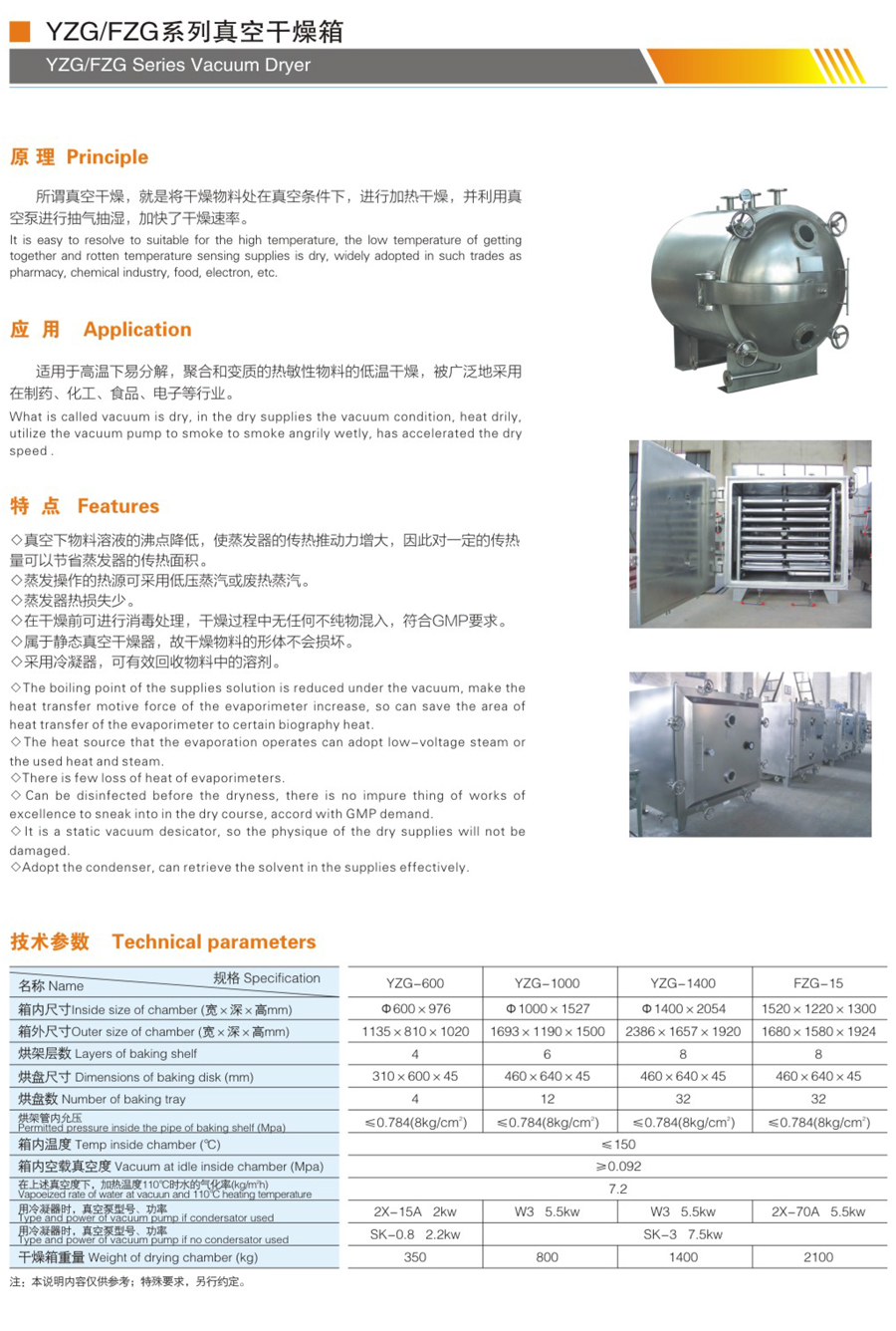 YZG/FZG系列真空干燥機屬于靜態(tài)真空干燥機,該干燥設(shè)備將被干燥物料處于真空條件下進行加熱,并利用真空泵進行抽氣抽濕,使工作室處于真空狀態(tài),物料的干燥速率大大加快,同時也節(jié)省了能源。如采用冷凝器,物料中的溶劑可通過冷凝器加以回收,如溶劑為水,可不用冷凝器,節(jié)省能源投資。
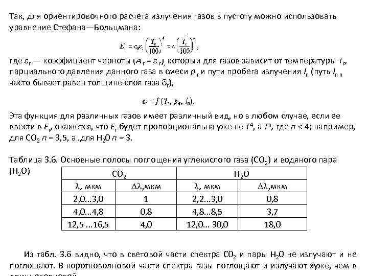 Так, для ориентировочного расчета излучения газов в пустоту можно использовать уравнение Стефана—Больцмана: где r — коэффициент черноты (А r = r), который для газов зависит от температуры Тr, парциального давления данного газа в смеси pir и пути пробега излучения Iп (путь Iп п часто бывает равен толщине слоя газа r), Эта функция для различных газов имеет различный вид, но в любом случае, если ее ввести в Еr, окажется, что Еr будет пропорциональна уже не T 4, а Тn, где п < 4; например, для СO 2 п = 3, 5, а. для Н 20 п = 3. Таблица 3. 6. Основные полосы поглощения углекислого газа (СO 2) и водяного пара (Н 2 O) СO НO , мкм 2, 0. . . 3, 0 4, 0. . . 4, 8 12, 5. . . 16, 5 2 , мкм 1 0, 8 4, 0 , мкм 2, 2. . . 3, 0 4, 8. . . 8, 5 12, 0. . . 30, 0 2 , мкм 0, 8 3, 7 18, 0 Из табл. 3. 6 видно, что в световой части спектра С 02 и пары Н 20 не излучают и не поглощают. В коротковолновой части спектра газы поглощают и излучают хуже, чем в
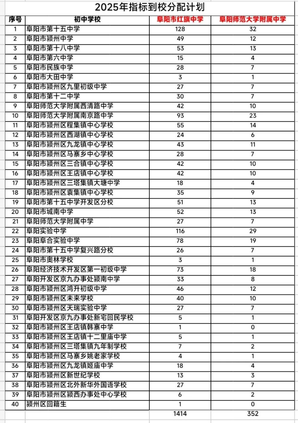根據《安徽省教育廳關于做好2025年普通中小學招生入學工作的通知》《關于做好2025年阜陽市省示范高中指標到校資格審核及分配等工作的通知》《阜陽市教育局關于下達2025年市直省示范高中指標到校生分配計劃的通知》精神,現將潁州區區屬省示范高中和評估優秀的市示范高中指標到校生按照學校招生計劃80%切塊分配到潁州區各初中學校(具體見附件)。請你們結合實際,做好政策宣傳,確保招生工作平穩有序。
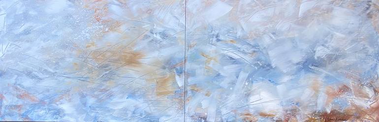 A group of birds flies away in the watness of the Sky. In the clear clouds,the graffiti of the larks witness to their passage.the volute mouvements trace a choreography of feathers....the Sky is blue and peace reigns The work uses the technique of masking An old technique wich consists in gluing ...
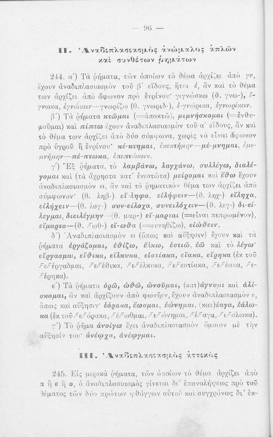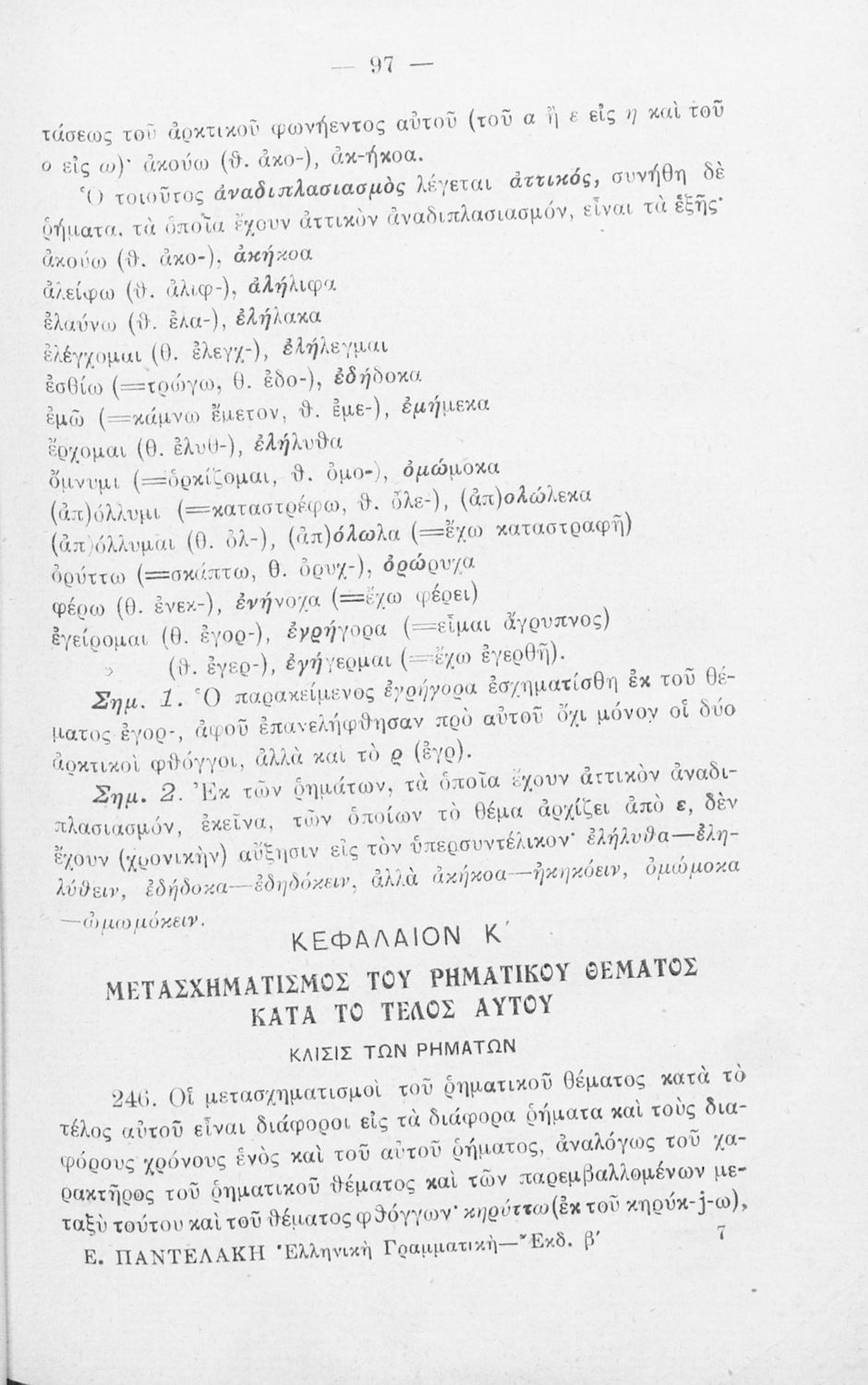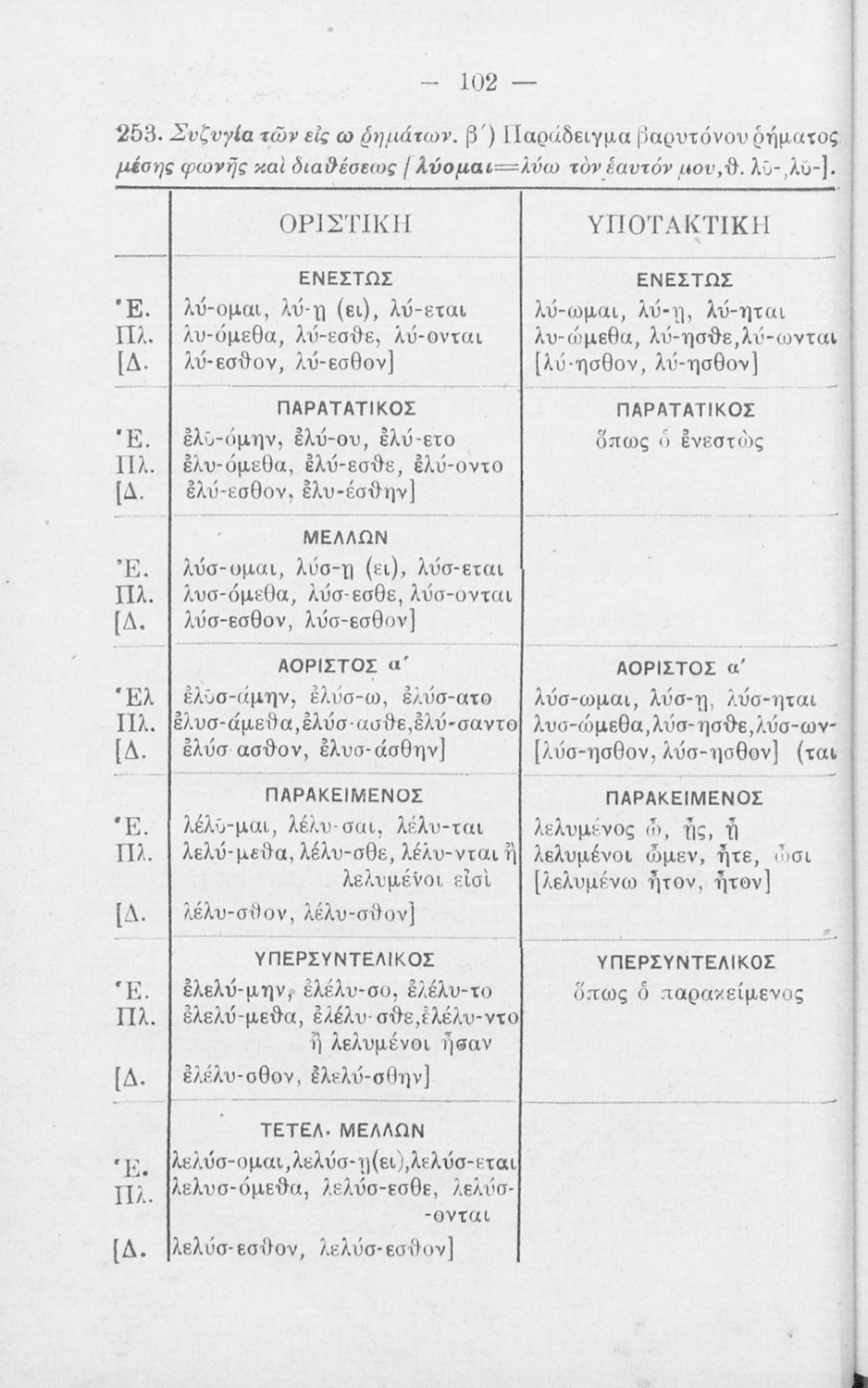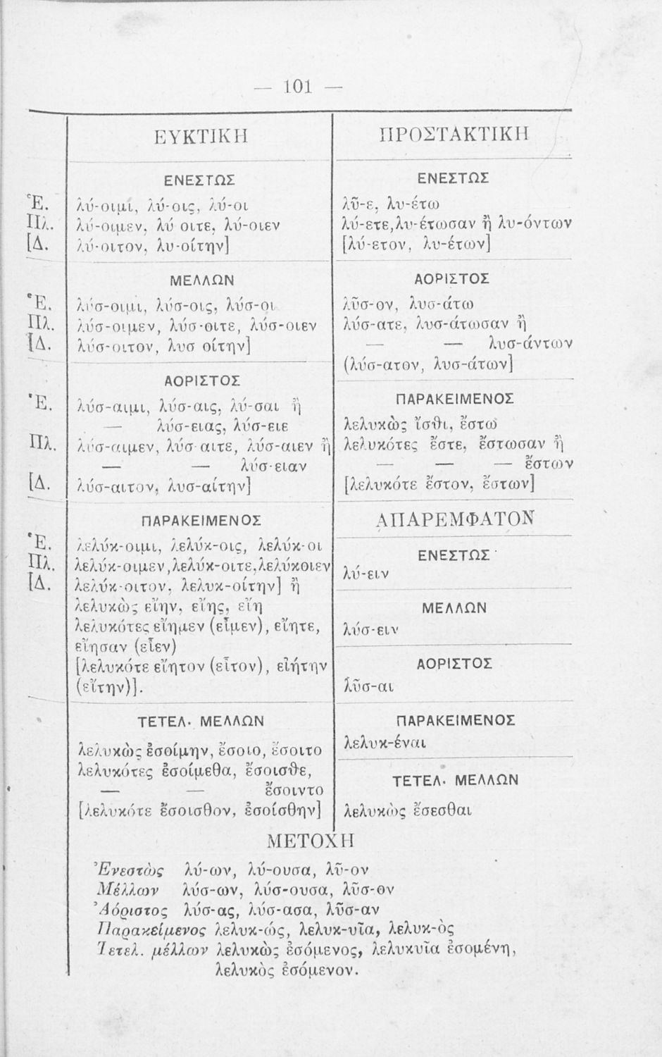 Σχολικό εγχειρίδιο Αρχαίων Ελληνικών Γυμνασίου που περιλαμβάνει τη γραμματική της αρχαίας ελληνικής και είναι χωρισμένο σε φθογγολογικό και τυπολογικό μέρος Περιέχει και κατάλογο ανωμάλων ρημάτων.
-----
#### [TASK PROMPT]
Omit all pictures and repeat the rest of the records verbatim.

#### [OUTPUT FOR THIS TASK]
 YZG/FZG系列真空干燥機屬于靜態(tài)真空干燥機,該干燥設(shè)備將被干燥物料處于真空條件下進行加熱,并利用真空泵進行抽氣抽濕,使工作室處于真空狀態(tài),物料的干燥速率大大加快,同時也節(jié)省了能源。如采用冷凝器,物料中的溶劑可通過冷凝器加以回收,如溶劑為水,可不用冷凝器,節(jié)省能源投資。
 Так, для ориентировочного расчета излучения газов в пустоту можно использовать уравнение Стефана—Больцмана: где r — коэффициент черноты (А r = r), который для газов зависит от температуры Тr, парциального давления данного газа в смеси pir и пути пробега излучения Iп (путь Iп п часто бывает равен толщине слоя газа r), Эта функция для различных газов имеет различный вид, но в любом случае, если ее ввести в Еr, окажется, что Еr будет пропорциональна уже не T 4, а Тn, где п < 4; например, для СO 2 п = 3, 5, а. для Н 20 п = 3. Таблица 3. 6. Основные полосы поглощения углекислого газа (СO 2) и водяного пара (Н 2 O) СO НO , мкм 2, 0. . . 3, 0 4, 0. . . 4, 8 12, 5. . . 16, 5 2 , мкм 1 0, 8 4, 0 , мкм 2, 2. . . 3, 0 4, 8. . . 8, 5 12, 0. . . 30, 0 2 , мкм 0, 8 3, 7 18, 0 Из табл. 3. 6 видно, что в световой части спектра С 02 и пары Н 20 не излучают и не поглощают. В коротковолновой части спектра газы поглощают и излучают хуже, чем в
根據《安徽省教育廳關于做好2025年普通中小學招生入學工作的通知》《關于做好2025年阜陽市省示范高中指標到校資格審核及分配等工作的通知》《阜陽市教育局關于下達2025年市直省示范高中指標到校生分配計劃的通知》精神,現將潁州區區屬省示范高中和評估優秀的市示范高中指標到校生按照學校招生計劃80%切塊分配到潁州區各初中學校(具體見附件)。請你們結合實際,做好政策宣傳,確保招生工作平穩有序。
 A group of birds flies away in the watness of the Sky. In the clear clouds,the graffiti of the larks witness to their passage.the volute mouvements trace a choreography of feathers....the Sky is blue and peace reigns The work uses the technique of masking An old technique wich consists in gluing ...
 Σχολικό εγχειρίδιο Αρχαίων Ελληνικών Γυμνασίου που περιλαμβάνει τη γραμματική της αρχαίας ελληνικής και είναι χωρισμένο σε φθογγολογικό και τυπολογικό μέρος Περιέχει και κατάλογο ανωμάλων ρημάτων.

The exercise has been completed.